FNet using the Fourier Transform to mix tokens

There is a paper about FNet where they use the Fourier Transform to mix tokens. Using the property that a change in one input element alters all the output elements.
The fast Walsh Hadamard transform (WHT) can effect the same thing. Which is not too surprising since the WHT is just the FFT with the multiplies removed!!! :butterfly: :butterfly: :butterfly:

An ultra short example of using the fast Walsh Hadamard transform to convert the uniform random distribution to the Normal distribution:
There are some slight technical points about that for high precision applications.

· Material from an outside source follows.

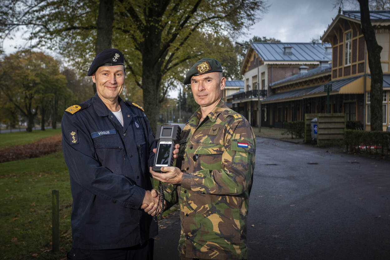 DMO/JIVC heeft deze oefening gebruikt om, in nauwe samenwerking met de leverancier, de middelen te gebruiken en zo al lerend en doende de configuratiefase te doorlopen. Biometrie is een project van het JIVC dat valt onder het programma Counter-IED Blok 3 van het Materieel-logistiek Commando. Commandeur Cees Vooijs, plaatsvervangend-directeur JIVC, gaf namens de DMO de aftrap van de implementatiefase. Hij droeg de eerste handheld symbolisch over te aan brigadegeneraal Joland Dubbeldam van het Commando Landstrijdkrachten (foto).

If you are a connectionist, you should use fast transforms to do the connecting for you. They are very efficient at it.
The main problem is fast transforms take a spectrum, which is a very biased thing to do. That is not connecting everything in a fair way. However a little bit of cheap preprocessing can solve that.

Just for amusement.
The underlying Sequency patterns of the Walsh Hadamard Transform in natural order (the sequency is the number of transitions between +1 to -1, and -1 to +1):
Then a Walsh Hadamard transform is just how much of each pattern is embedded in say an input image. And that information is complete and invertible. Conceptually a lot simpler than a Fourier transform.

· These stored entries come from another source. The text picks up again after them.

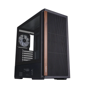 Корпус предлагает продуманную вентиляцию и поддержку эффективной циркуляции воздуха, что особенно важно при использовании высокопроизводительных процессоров и видеокарт. Пространство внутри корпуса рассчитано на установку стандартных компонентов: длинных видеокарт, высоких процессорных кулеров и радиаторов систем жидкостного охлаждения. Отсутствие блока питания даёт свободу выбора оптимального решения под конкретную конфигурацию, а также облегчает первоначальную сборку.
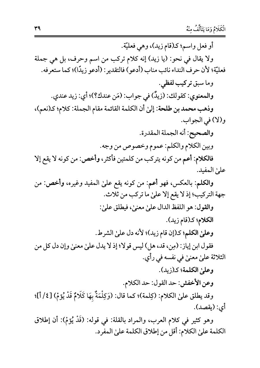 وقد يطلق على الكلام: (كِلمة)؛ كما قال: (وَكِلْمَةٌ بِهَا كَلَامٌ قَدْ يُؤمْ)؛ أي: (يقصد).
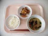 [献立] ごはん 牛乳 かつおと大豆のみそがらめ 沢煮椀 [食材] 米:山...
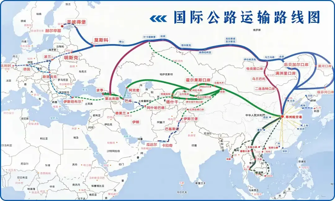 空路上,郑州机场与新疆12个航点的密集通航,促进了人流、物流、信息流的高效流动;陆路上,豫新省际班列与中欧班列的无缝衔接,形成了贯穿东西的国际物流大通道;网上丝路则通过跨境电商连接全球市场;TIR公路运输作为灵活补充,经由新疆口岸节点,为跨境电商货物与高附加值产品提供了快速出海的陆路新选择,提升了跨境贸易的便利化水平。

I will say this again about ReLU.
ReLU is a switch. f(x)=x is connect, f(x)=0 is disconnect. A light switch in your house is binary on off, yet connects and disconnect a continuously variable AC voltage signal. In your house you decide the switch state (on or off). In a ReLU the switch state is decided by a predicate (x<0.)
Then a ReLU neural network is a switched composition of weighted sums. The outputs of weighted sums are disconnected from the inputs to other weighted sums, or remain connected.
For a particular input vector all the switch states become known during feedforward. The network then is a particular (switched) composition of weighted sums connecting back to the input vector.
Since that is an entirely linear system (due to the switch states being known) it can be simplified. Down to a simple square matrix mapping the input vector to the output vector.
That viewpoint is so unexpected to some people it can actually prompt not very good behavior.
To me it is a way of getting a handle on the mathematics of a ReLU neual network. However I mainly use it to understand the behavior of an unconventional system.

1 Like

I will clarify even more.
When you graph out ReLU there is a 45 degree line when the input x is greater than zero.
If you graph out the behavior of an electrical switch in the on position, zero volts in gives 0 volts out, 1 volt in gives 1 volt out, 2 volts in gives 2 volts out. That gives a 45 degree line. Obviously if the electrical switch is off you get zero volts out.

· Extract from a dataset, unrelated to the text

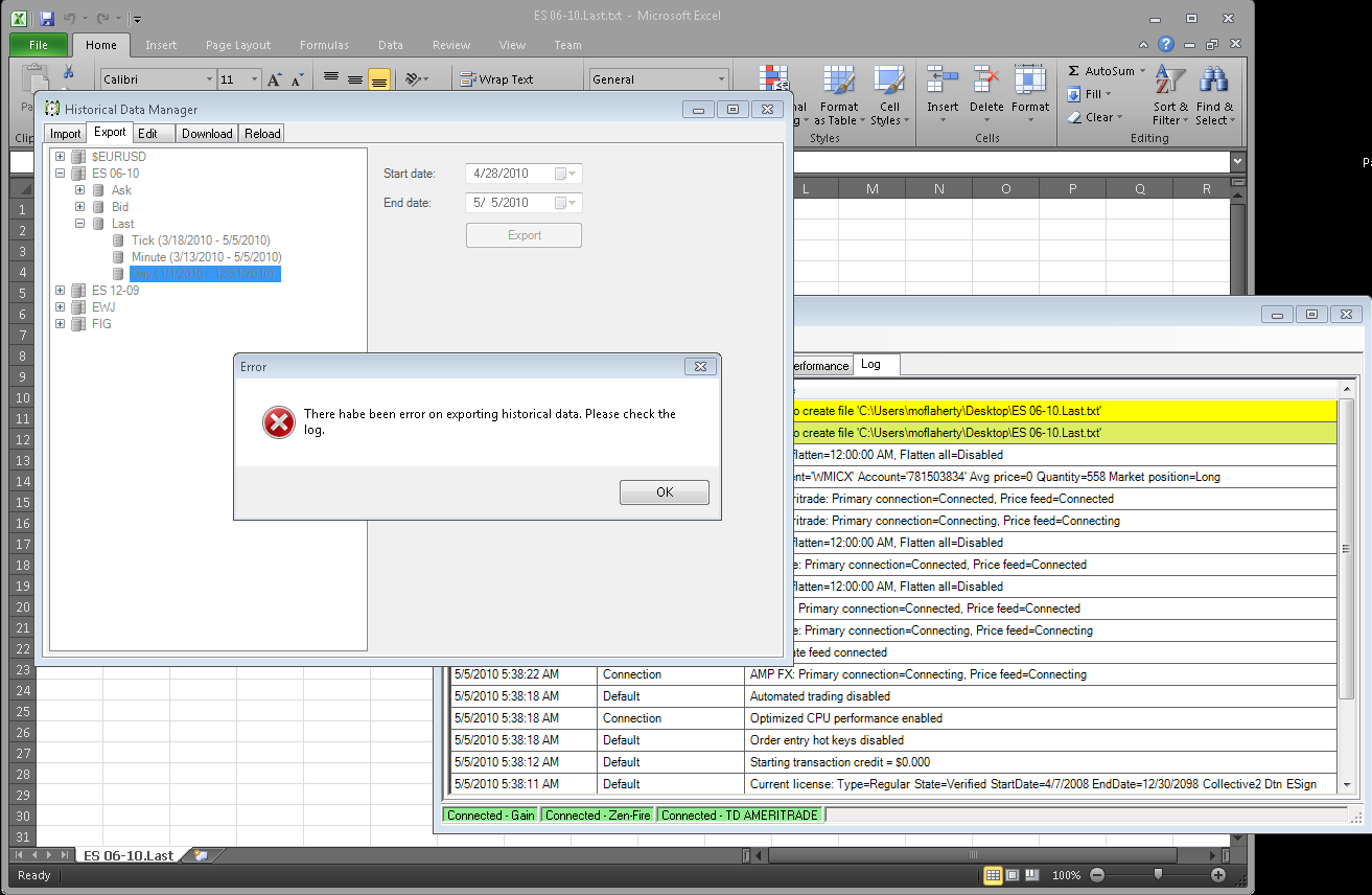 Error Text: 5/4/2010 8:37:04 PM|3|4|Unable to create file 'C:\Users\moflaherty\Desktop\ES 06-10.Last.txt'

I believe the brain melt down I have caused in some senior researchers is due to the their belief that turning on a switch should result in a Heaviside step function type response:
That would only be the case it there were a fixed non-zero voltage on the input to an electrical switch.

The issue for me is, it is making it very difficult for me to explain an unconventional neural network of my devising to people.